Les douleurs de dos sont traitées selon un protocole où le guérisseur se sert d’une pièce de monnaie telle que l’actuelle guinée soudanaise ou toute autre pièce métallique suffisamment lourde pour rester fixée sur sa base et ne pas glisser au cours du traitement sur le corps du patient au risque de le brûler. Cette pièce est recouverte d’un tissu en coton ; celui-ci est roulé de façon à ce que ses deux bouts se dressent vers le haut comme deux bougies ; ils sont alors imbibés d’huile, le coton ayant pour caractéristiques, d’une part, de ne pas se froisser et, d’autre part, d’absorber cette huile qui contribue à la combustion et à l’entretien de la flamme. La pièce (de monnaie ou autre) enveloppée de tissu est alors posée sur l’emplacement de la douleur, les bouts sont allumés au moyen d’une allumette, d’un briquet ou, parfois, d’un morceau de papier enflammé, le tout est alors plaqué au corps du patient au moyen d’un hun en cuivre. 

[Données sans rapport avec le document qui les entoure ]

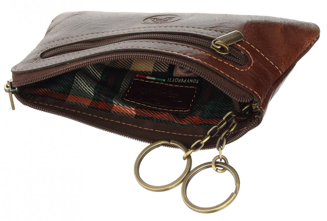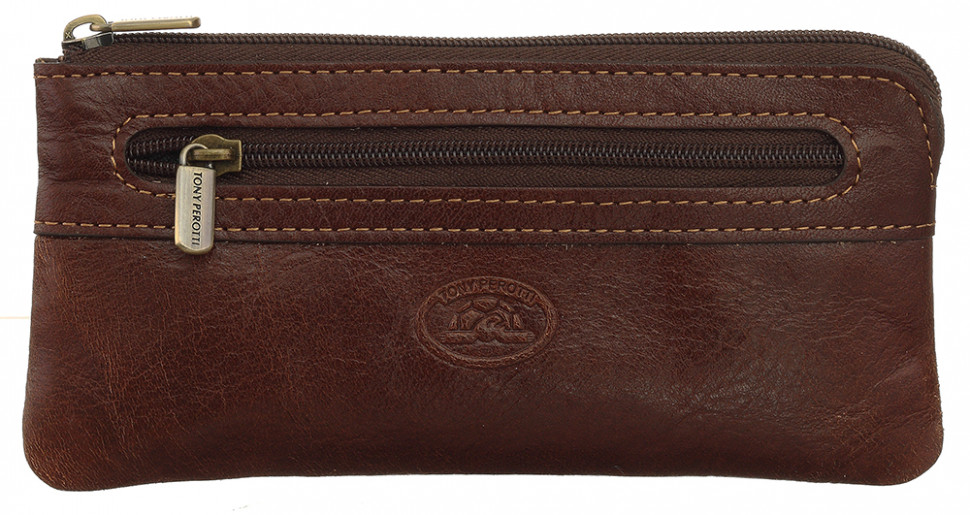 Выполнен из натуральной кожи высокого качества. Общее закрытие на молнию. Имеет одно отделение с двумя кольцами для ключей и аксессуаров. С лицевой стороны есть кармашек на молнии. На лицевой стороне –фирменный логотип бренда Tony Perotti – «черепашка».

Dans le cas de la femme qui souhaite enfanter, une guérisseuse dont l’art est transmis de mère en fille applique al hun au bas du dos de la femme dans la zone du coccyx, ayant au préalable diagnostiqué que le dos de cette femme est fatîh (littéralement : ouvert), ce qui signifie qu’elle est incapable de procréer ainsi qu’en témoignent, entre autres, les douleurs intenses que cette patiente ressent au bas du dos ? C’est là une tradition curative fort connue et encore pratiquée de nos jours qui consiste à appliquer tôt le matin, trois jours à la suite, al hun sur cette partie du dos de la femme, qui doit être à jeun.

Battre al hun selon le rite appelé al harjiletk entre dans la catégorie des croyances et coutumes populaires mais également dans celle des arts de la représentation, car ce rite se développe sous la forme d’un drame où les rôles sont distribués entre la mère en couches, le nouveau-né et les invités. Divers rituels accompagnent cette représentation, comme le port de bougies, les rondes effectuées à travers la maison et les textes scandés lors de la célébration du Septième jour, le tout sur fond de musique, tandis que la mère et l’enfant sont exposés, revêtus d’habits de cérémonie. 

Le rite consistant à frapper al hune pour le faire retentir se déroule après le coucher du soleil. Or, nous savons que c’est la nuit que les bougies sont traditionnellement allumées dans les églises et que cette coutume, liée au départ au christianisme avec toute la spiritualité qui en émane, a influé sur diverses composantes de la culture soudanaise, en particulier dans les deux domaines des croyances et coutumes populaires. La tradition chrétienne a en effet mis l’accent sur l’impact affectif des cloches qui sonnent, et la ferveur des chrétiens ne peut se comprendre si l’on sépare leur foi de ce chant des carillons.    

Le traitement médical au moyen d’al hune relevait dans le passé des actions caritatives. Le patient payait ce qu’il pouvait pour le traitement reçu. Ce paiement s’appelait, selon l’expression populaire, attiyat mezaïen – littéralement : le don à celui qui embellit –, le mezaïen (ou coiffeur) empochait ce qu’on lui donnait sans en vérifier le montant. Mais, au jour d’aujourd’hui, beaucoup de guérisseurs fixent, à l’instar des médecins, les honoraires de la consultation, laquelle est perçue d’avance car ce travail est devenu leur gagne-pain. 

Si les multiples fonctions d’al hun se trouvent aujourd’hui classées dans différents domaines du folklore, il peut arriver que certaines se chevauchent et couvrent plus d’un domaine.